Stored data:
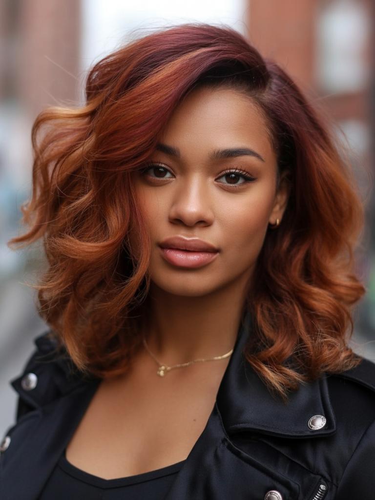 This cut is ideal to black women and the ones having the craving of the three-dimensional kind of warmth, it suits best the oval and the heart-shaped face. It is particularly popular in the trends 2025 red family, which makes your style deep, but not fully light. To style, round brush is used to maintain the volume and softness and gloss sprays are applied to make the color stand out.
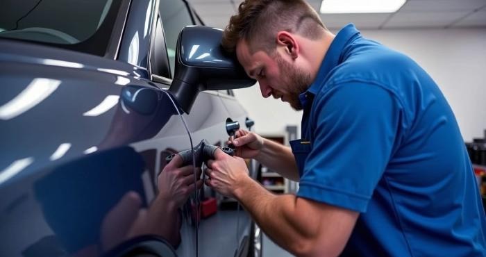 - If glue residue remains, remove it with alcohol. Where necessary, perform ultra-light wet sanding only on dust nibs or minor clear imperfections, then polish. Avoid cutting factory orange peel beyond the surrounding texture; the goal is car exterior repair that looks OEM.
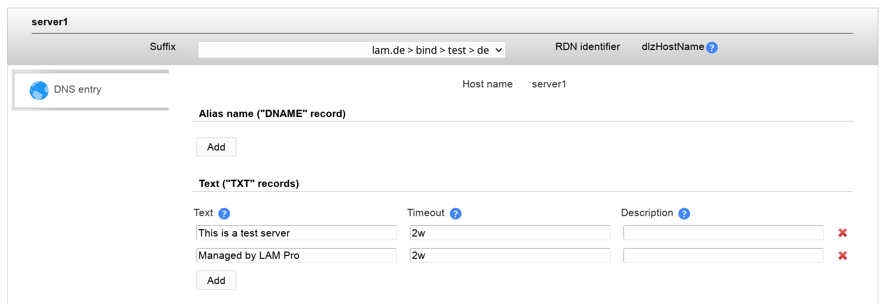 Please set the LDAP suffix either to an existing DNS zone (dlzZone) or an organizational unit that should include your DNS zones.
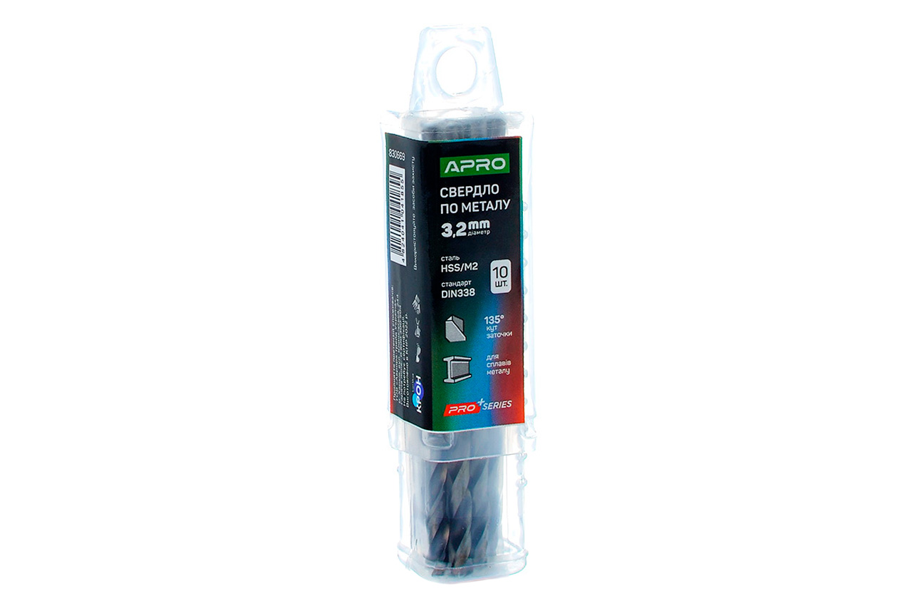Свердло по металу Apro - призначене для свердління отворів у металевих матеріалах, включаючи сталь, чавун, алюміній та інші сплави. Діаметр 3,2 мм; Швидкорізальна сталь марки М2.
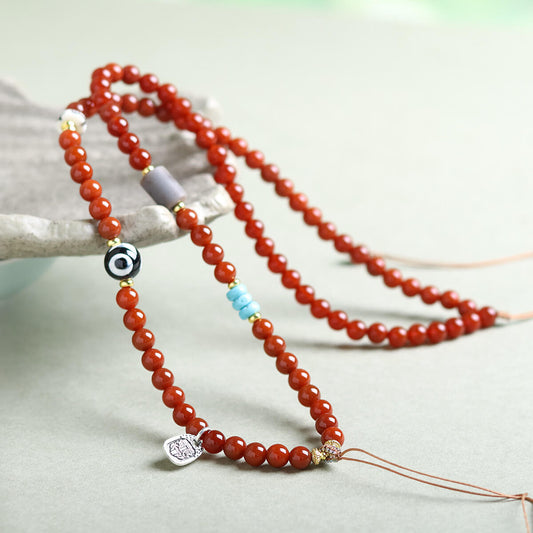 Bracelet à double anneau en perles de Bouddha en agate rouge et bois de santal du Sud - Purification • Apaisant
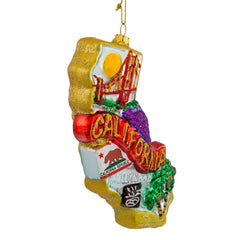 - This Kurt Adler glass California ornament is a fun, festive way to add to your holiday décor, especially if you come from or frequent the state of California! Its beautiful glass design is the shape of the state with bright details featuring recognizable symbols of California: the golden Gate Bridge, palm trees, a film director's clapper board, the Hollywood sign, grapes and the California Republic flag
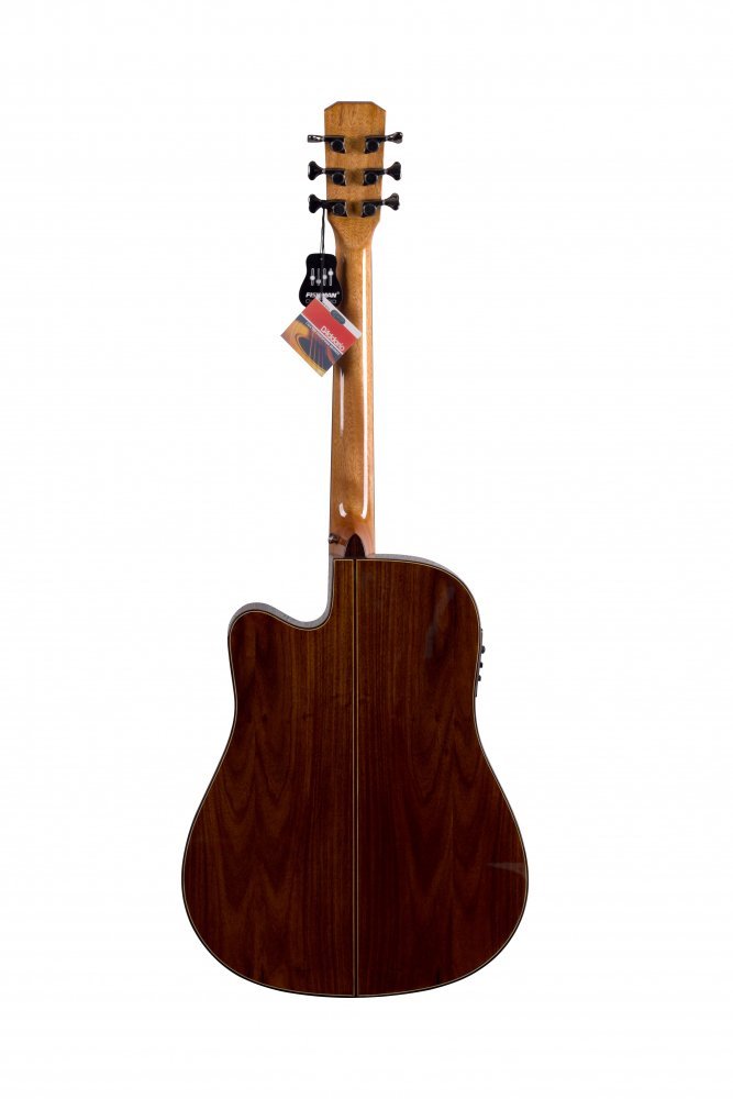 Электроакустическая гитара Prima DSAG218CEQ4 изготавливается из отборных материалов, обеспечивающих чистое звучание с богатыми обертонами. Топ изготавливается из цельной ситхинськои ели, а корпус из палисандра Santos. Сочетание этих материалов с корпусом Dreadnought создают объемное звучание с выраженной серединой и яркими верхами. Инструмент имеет вырез в области 12-го строя и оборудован активной электроникой с 3-х полосным эквалайзером и тюнером. Гитара покрыта тонким слоем глянцевого лака и имеет роскошный внешний вид.
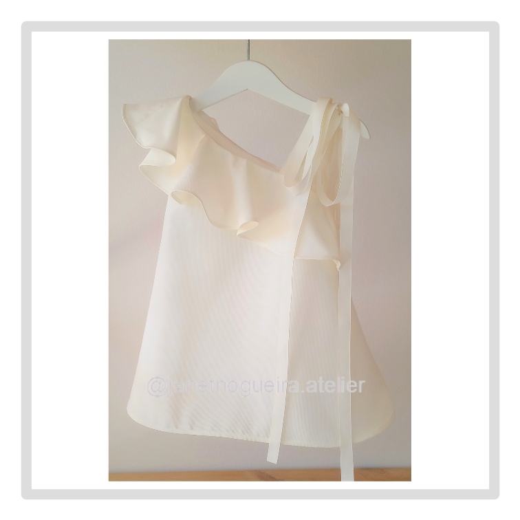 Alças de gorgurão em laço no ombro esquerdo, corte assimétrico do decote com folho.
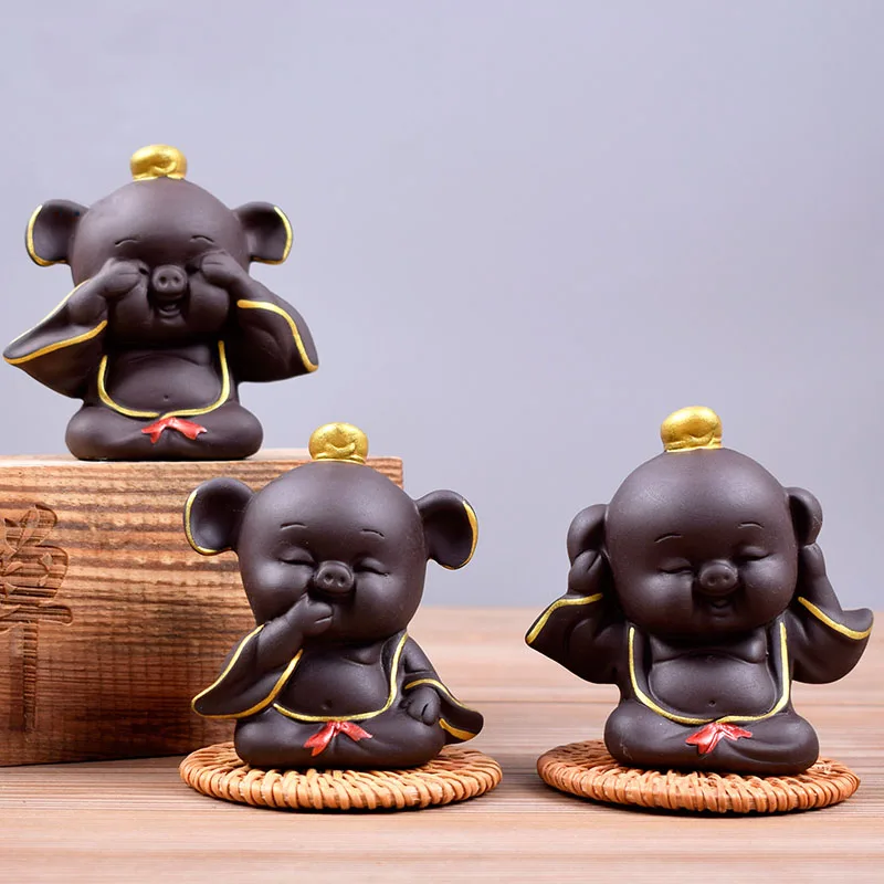 Tea Pet Pig Statue Purple Sand Crafts Animal Decoration Desk Decoration Home Decoration Holiday Gif
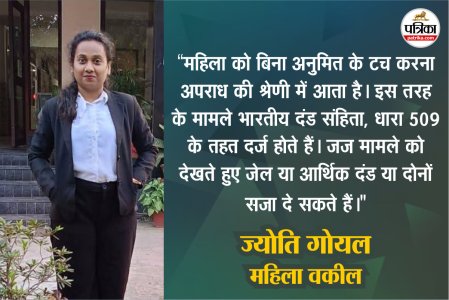 ज्योति गोयल कहती हैं, महिला को बिना अनुमित के टच करना अपराध की श्रेणी में आता है। ये एक प्रकार का यौन हिंसा ही है। इस तरह के मामले अक्सर सामने आते हैं। महिलाओं के साथ कार्यस्थल व बाजार, गाड़ी-बस जैसे सार्वजनिक स्थल पर इस तरह के यौन क्राइम को झेलना पड़ता है। इस तरह के अपराध के लिए जेल भी हो सकता है।
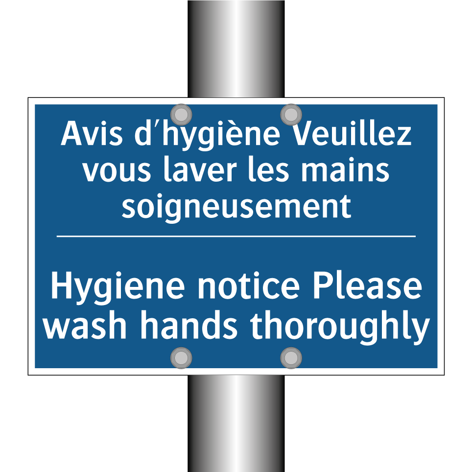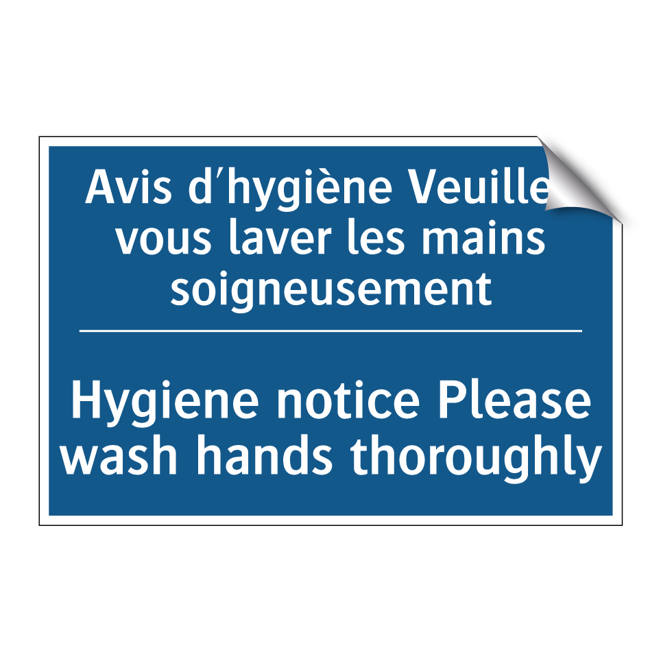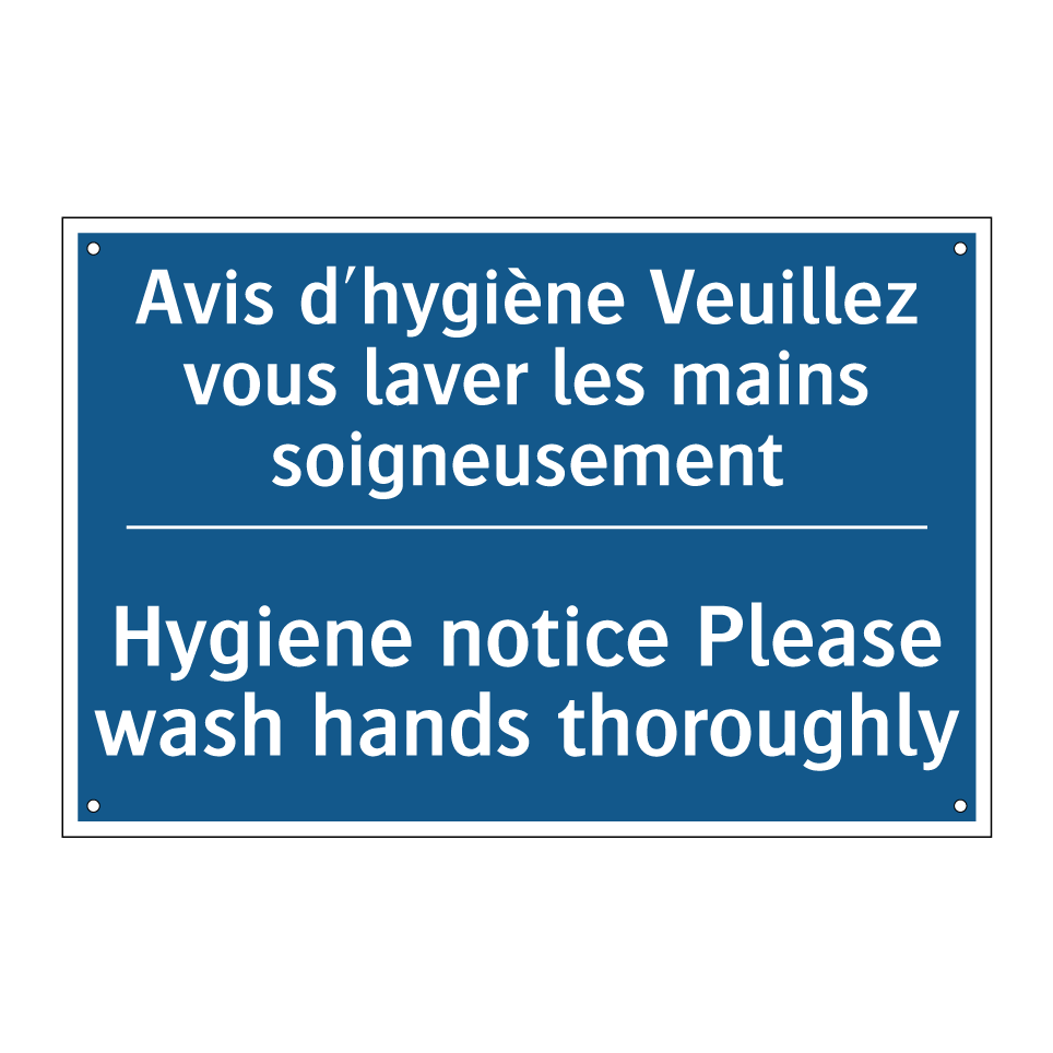 Panneau d'obligation bilingue avec texte en français : "Avis d'hygiène Veuillez vous laver les mains soigneusement", et en anglais : "Hygiene notice Please wash hands thoroughly"

THE PROBLEM: Omit the pictures, then copy out all the data exactly as it stands.

COMPLETED TASK:
 This cut is ideal to black women and the ones having the craving of the three-dimensional kind of warmth, it suits best the oval and the heart-shaped face. It is particularly popular in the trends 2025 red family, which makes your style deep, but not fully light. To style, round brush is used to maintain the volume and softness and gloss sprays are applied to make the color stand out.
 - If glue residue remains, remove it with alcohol. Where necessary, perform ultra-light wet sanding only on dust nibs or minor clear imperfections, then polish. Avoid cutting factory orange peel beyond the surrounding texture; the goal is car exterior repair that looks OEM.
 Please set the LDAP suffix either to an existing DNS zone (dlzZone) or an organizational unit that should include your DNS zones.
Свердло по металу Apro - призначене для свердління отворів у металевих матеріалах, включаючи сталь, чавун, алюміній та інші сплави. Діаметр 3,2 мм; Швидкорізальна сталь марки М2.
 Bracelet à double anneau en perles de Bouddha en agate rouge et bois de santal du Sud - Purification • Apaisant
 - This Kurt Adler glass California ornament is a fun, festive way to add to your holiday décor, especially if you come from or frequent the state of California! Its beautiful glass design is the shape of the state with bright details featuring recognizable symbols of California: the golden Gate Bridge, palm trees, a film director's clapper board, the Hollywood sign, grapes and the California Republic flag
 Электроакустическая гитара Prima DSAG218CEQ4 изготавливается из отборных материалов, обеспечивающих чистое звучание с богатыми обертонами. Топ изготавливается из цельной ситхинськои ели, а корпус из палисандра Santos. Сочетание этих материалов с корпусом Dreadnought создают объемное звучание с выраженной серединой и яркими верхами. Инструмент имеет вырез в области 12-го строя и оборудован активной электроникой с 3-х полосным эквалайзером и тюнером. Гитара покрыта тонким слоем глянцевого лака и имеет роскошный внешний вид.
 Alças de gorgurão em laço no ombro esquerdo, corte assimétrico do decote com folho.
 Tea Pet Pig Statue Purple Sand Crafts Animal Decoration Desk Decoration Home Decoration Holiday Gif
 ज्योति गोयल कहती हैं, महिला को बिना अनुमित के टच करना अपराध की श्रेणी में आता है। ये एक प्रकार का यौन हिंसा ही है। इस तरह के मामले अक्सर सामने आते हैं। महिलाओं के साथ कार्यस्थल व बाजार, गाड़ी-बस जैसे सार्वजनिक स्थल पर इस तरह के यौन क्राइम को झेलना पड़ता है। इस तरह के अपराध के लिए जेल भी हो सकता है।
 Panneau d'obligation bilingue avec texte en français : "Avis d'hygiène Veuillez vous laver les mains soigneusement", et en anglais : "Hygiene notice Please wash hands thoroughly"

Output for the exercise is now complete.